• **EXERCISE DIRECTIONS**
Using the entries below, copy exactly each line from the line with "Stripe Dimensions listed" up to and including the line with "The Enlightenment was", with every picture left out.

[Source data]

-*-*-

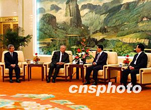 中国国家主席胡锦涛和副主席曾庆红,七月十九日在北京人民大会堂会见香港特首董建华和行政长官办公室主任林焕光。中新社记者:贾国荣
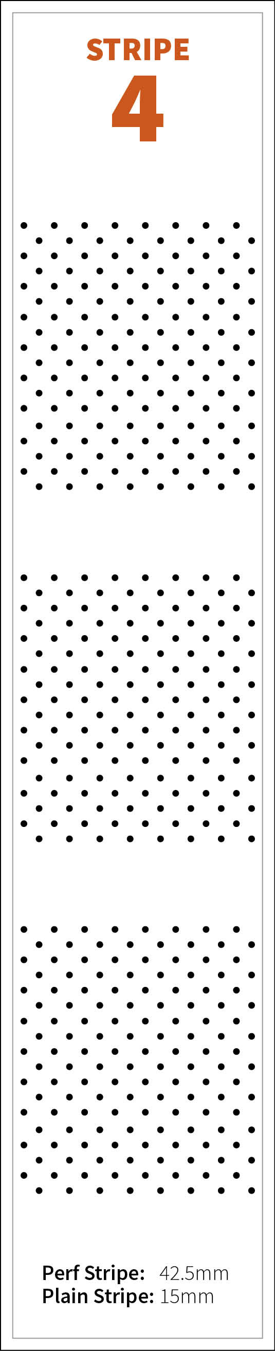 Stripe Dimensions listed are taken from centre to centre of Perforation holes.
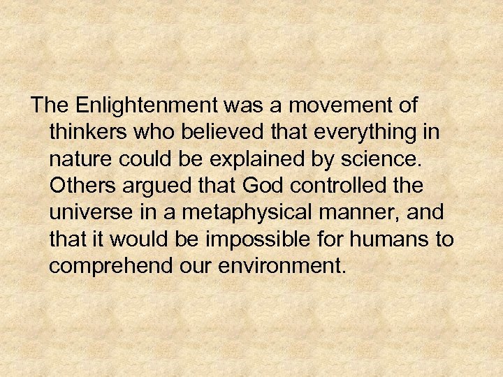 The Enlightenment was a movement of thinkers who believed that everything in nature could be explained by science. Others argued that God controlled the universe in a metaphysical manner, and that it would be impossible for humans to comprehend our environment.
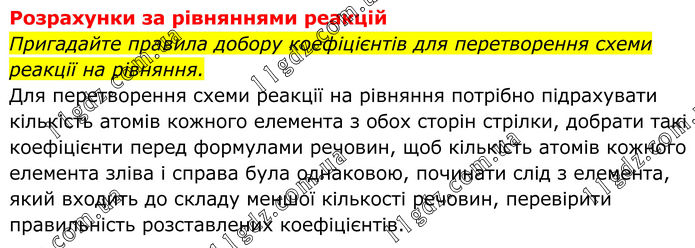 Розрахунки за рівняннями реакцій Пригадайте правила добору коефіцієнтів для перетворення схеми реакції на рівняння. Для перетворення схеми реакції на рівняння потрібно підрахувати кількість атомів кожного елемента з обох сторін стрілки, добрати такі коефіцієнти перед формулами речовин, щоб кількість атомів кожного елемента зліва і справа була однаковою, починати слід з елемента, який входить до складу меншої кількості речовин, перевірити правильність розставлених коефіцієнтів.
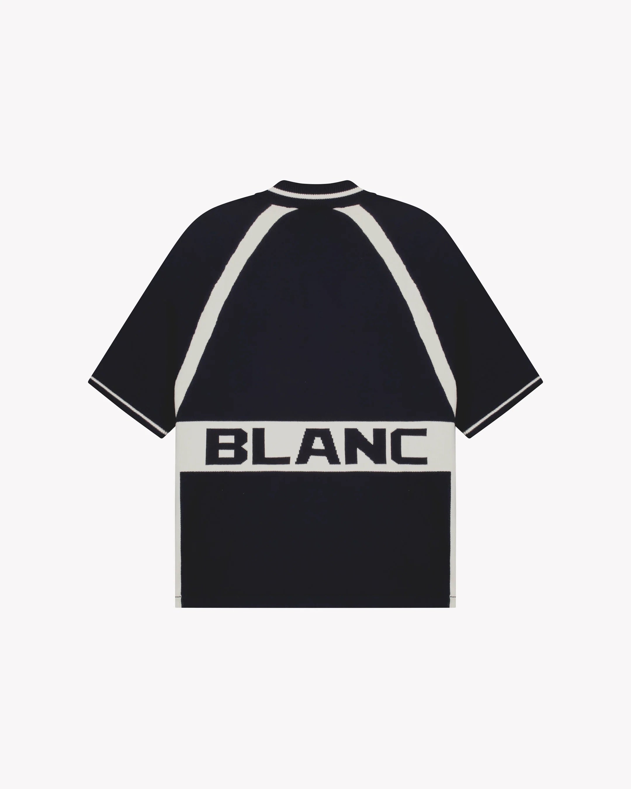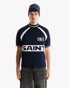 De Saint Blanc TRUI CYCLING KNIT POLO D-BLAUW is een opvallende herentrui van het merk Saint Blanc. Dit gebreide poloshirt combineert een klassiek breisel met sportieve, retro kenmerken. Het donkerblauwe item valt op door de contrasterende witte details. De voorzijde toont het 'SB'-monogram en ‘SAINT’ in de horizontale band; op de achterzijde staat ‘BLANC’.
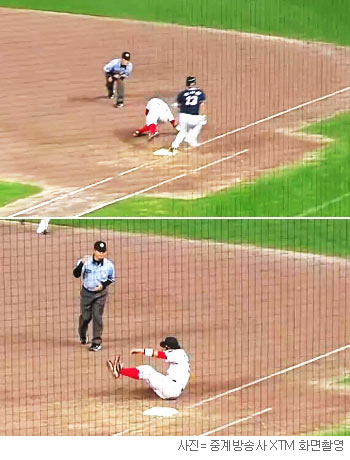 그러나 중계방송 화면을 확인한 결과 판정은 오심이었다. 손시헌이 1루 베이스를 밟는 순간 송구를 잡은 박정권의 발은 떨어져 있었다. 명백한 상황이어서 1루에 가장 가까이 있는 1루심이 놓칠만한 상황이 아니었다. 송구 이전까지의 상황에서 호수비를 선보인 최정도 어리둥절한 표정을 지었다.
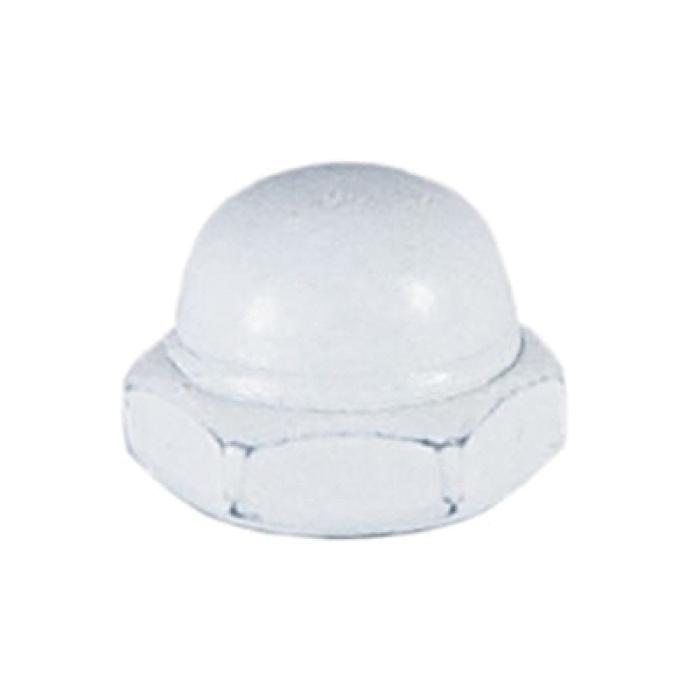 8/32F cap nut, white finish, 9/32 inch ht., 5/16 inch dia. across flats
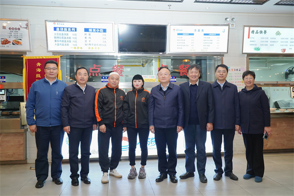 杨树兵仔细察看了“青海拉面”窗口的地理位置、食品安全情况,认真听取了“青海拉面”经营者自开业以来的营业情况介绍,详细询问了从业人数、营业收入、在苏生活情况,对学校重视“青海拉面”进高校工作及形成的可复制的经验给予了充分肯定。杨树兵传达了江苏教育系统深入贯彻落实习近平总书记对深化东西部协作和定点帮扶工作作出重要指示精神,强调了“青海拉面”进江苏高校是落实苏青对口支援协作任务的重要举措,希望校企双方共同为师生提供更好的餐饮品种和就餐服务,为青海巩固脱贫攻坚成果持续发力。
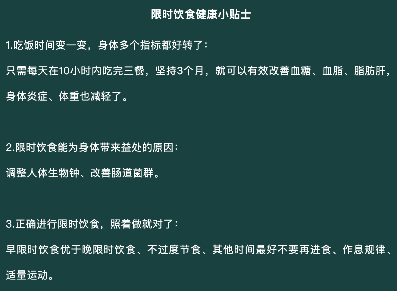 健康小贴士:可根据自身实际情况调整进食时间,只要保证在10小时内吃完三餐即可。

-*-*-

• **TASK RESPONSE**
 Stripe Dimensions listed are taken from centre to centre of Perforation holes.
 The Enlightenment was a movement of thinkers who believed that everything in nature could be explained by science. Others argued that God controlled the universe in a metaphysical manner, and that it would be impossible for humans to comprehend our environment.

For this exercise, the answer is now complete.